##### Data to process
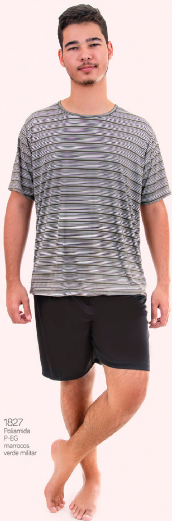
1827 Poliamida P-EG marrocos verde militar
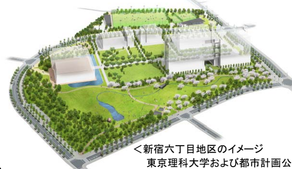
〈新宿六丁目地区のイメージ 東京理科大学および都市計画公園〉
##########
##### Data to process
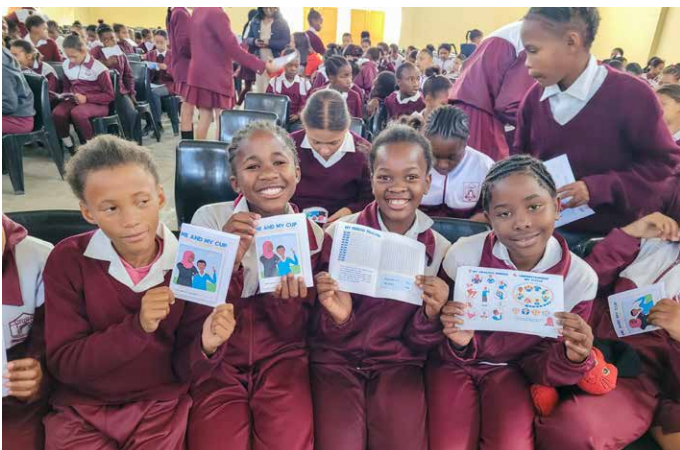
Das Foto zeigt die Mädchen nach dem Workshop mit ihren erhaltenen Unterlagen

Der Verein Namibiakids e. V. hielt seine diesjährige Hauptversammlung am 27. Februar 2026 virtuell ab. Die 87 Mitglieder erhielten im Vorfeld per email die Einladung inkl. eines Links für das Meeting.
##########
◆ **Goal of the exercise**
Starting at the line that has "Das Foto zeigt" and ending at the line that has "Der Verein Namibiakids", please write out the lines above exactly, leaving out all others.

◆ **Task solution**
Das Foto zeigt die Mädchen nach dem Workshop mit ihren erhaltenen Unterlagen

Der Verein Namibiakids e. V. hielt seine diesjährige Hauptversammlung am 27. Februar 2026 virtuell ab. Die 87 Mitglieder erhielten im Vorfeld per email die Einladung inkl. eines Links für das Meeting.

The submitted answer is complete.